Pilota, la prossima volta
che voli sopra Jenin
con il tuo elicottero,
ricordati dei bambini,
ricordati delle vecchiette
che stanno dentro le case che bombarderai.
Spalma sui tuoi missili
uno strato di cioccolata,
e sforzati di fare centro.
Cosi' che abbiano almeno
un ricordo dolce,
quando i muri crolleranno.

7. EDITORIALE. GIOBBE SANTABARBARA: LA PRIMA COSA. E IL COMMENTO

La prima cosa da dire e' che cessino i massacri a Gaza. La prima cosa da
dire.
Quando chiesero a Hillel in cosa consistesse la Legge, rispose: "Fa' al
prossimo tuo quel che vorresti fosse fatto a te stesso.

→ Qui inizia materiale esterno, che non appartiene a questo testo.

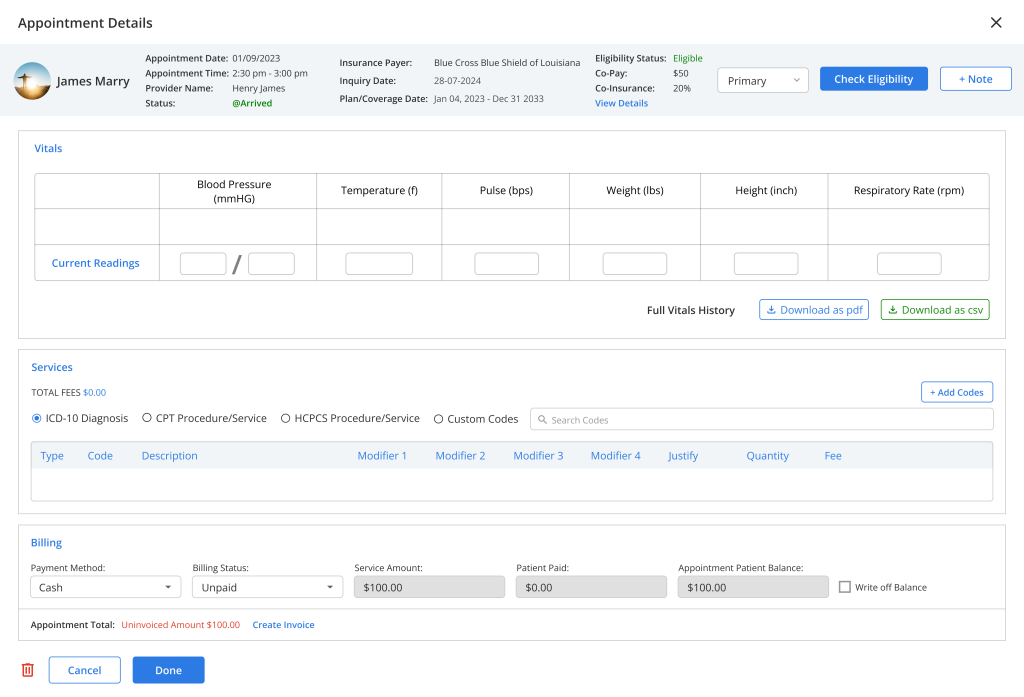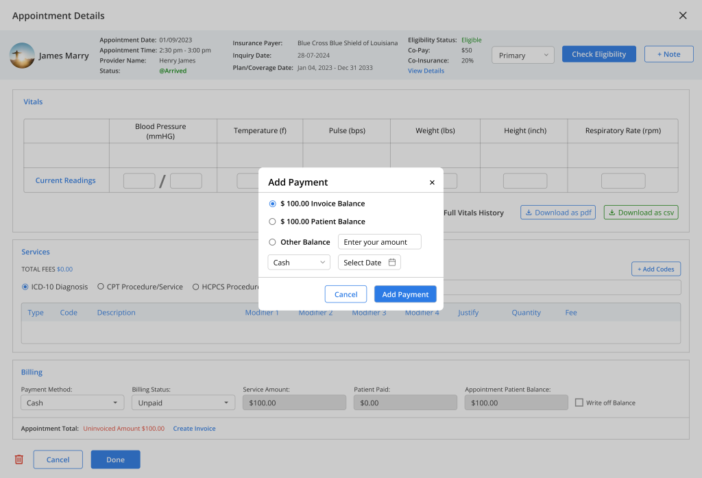 2. Once the services and fee amount have been added, select a payment method from the dropdown (Cash or Insurance) in which the appointment is going to be billed.

Il resto e'
commento". Ho sempre trovato magnifica questa risposta.
*
E adesso il commento.
1. C'e' qualcosa di bizzarro e di ipocrita - e di totalitario e razzista -
nel tacere sulla guerra cui l'Italia sta partecipando in Afghanistan, e
parlare solo di altri tragici conflitti, anzi pretendere di fare la morale
agli altri mentre le proprie mani sono sporche di sangue. Per questo trovo
fasulla ed inane, grottesca e cialtrona, la pseudosolidarieta' col popolo
palestinese di tanti potenti e burocrati e manutengoli e relativa truppa che
in questi giorni costi' han fatto o faranno un proclametto o una
passeggiatina - magari urlando macabri slogan hitleriani (forse
inconsapevolmente hitleriani, ma hitleriani restano) - tra il cenone di
Natale e quello di Capodanno.
2. C'e' qualcosa di bizzarro e di ipocrita - e di totalitario e razzista -
nel non riconoscere che la popolazione ebraica di Israele si sente veramente
minacciata. Minacciata di sterminio. Avendone ben donde: giacche' nella
civilissima Europa la Shoah si diede non in evi remotissimi, ma al tempo di
gente che ancora oggi vive. Finche' non si riconosce la realta' esistenziale
di questa percezione non si riuscira' ad ascoltare, e quindi a parlare alla
societa' israeliana.
3. E naturalmente c'e' qualcosa di bizzarro e di ipocrita - e di totalitario
e razzista - nel non riconoscere che il popolo palestinese sta subendo - dal
1948 - una politica di annientamento come popolo: e non solo da parte della
politica militare e stragista, e d'occupazione e d'espulsione, dei governi
israeliani, ma anche da parte della cosiddetta comunita' internazionale
(regimi arabi e regimi islamisti inclusi). Finche' non si riconosce anche
questa realta' effettuale non si riuscira' ad ascoltare, e quindi a parlare
alla societa' palestinese.
4. Poi c'e' qualcosa di bizzarro e di ipocrita - e di totalitario e
razzista - anche nel non riconoscere che Hamas non e' solo un movimento
sociale e politico, l'ente gestore di molte attivita' assistenziali,
eccetera; ma anche un'organizzazione armata che promuove e pratica la
violenza e il terrorismo. Certo, e' capitato talvolta nella storia che
organizzazioni e dirigenti terroristi poi siano divenuti rispettivamente
rilevanti partiti politici ed eminenti statisti: ma le eventuali evoluzioni
future non giustificano giammai la pratica presente del terrore. Chi sperava
che la vittoria elettorale di Hamas avrebbe avviato una sua rapida
trasformazione in altro da se', ha commesso lo stesso errore di valutazione
di chi pensava che l'Uck assunto il potere non sarebbe piu' stata
un'organizzazione terrorista e mafiosa, o di chi foraggio' i combattenti
alla Bin Laden contro l'occupazione militare sovietica dell'Afghanistan. E
si potrebbe continuare.
5. E c'e' qualcosa di bizzarro e di ipocrita - e di totalitario e razzista -
nel non riconoscere che la politica dei governi israeliani nei confronti del
popolo palestinese (tanto nei Territori occupati quanto in Israele) e'
persecutoria e criminale, violatrice dei piu' fondamentali diritti umani,
e - diciamo la parola terribile - prevalentemente intesa a negare la stessa
esistenza del popolo palestinese come soggetto nazionale che legittimamente
aspira a una statualita' propria: una politica prevalentemente
annientatrice. E' terribile dirlo, ma e' cio' che vediamo.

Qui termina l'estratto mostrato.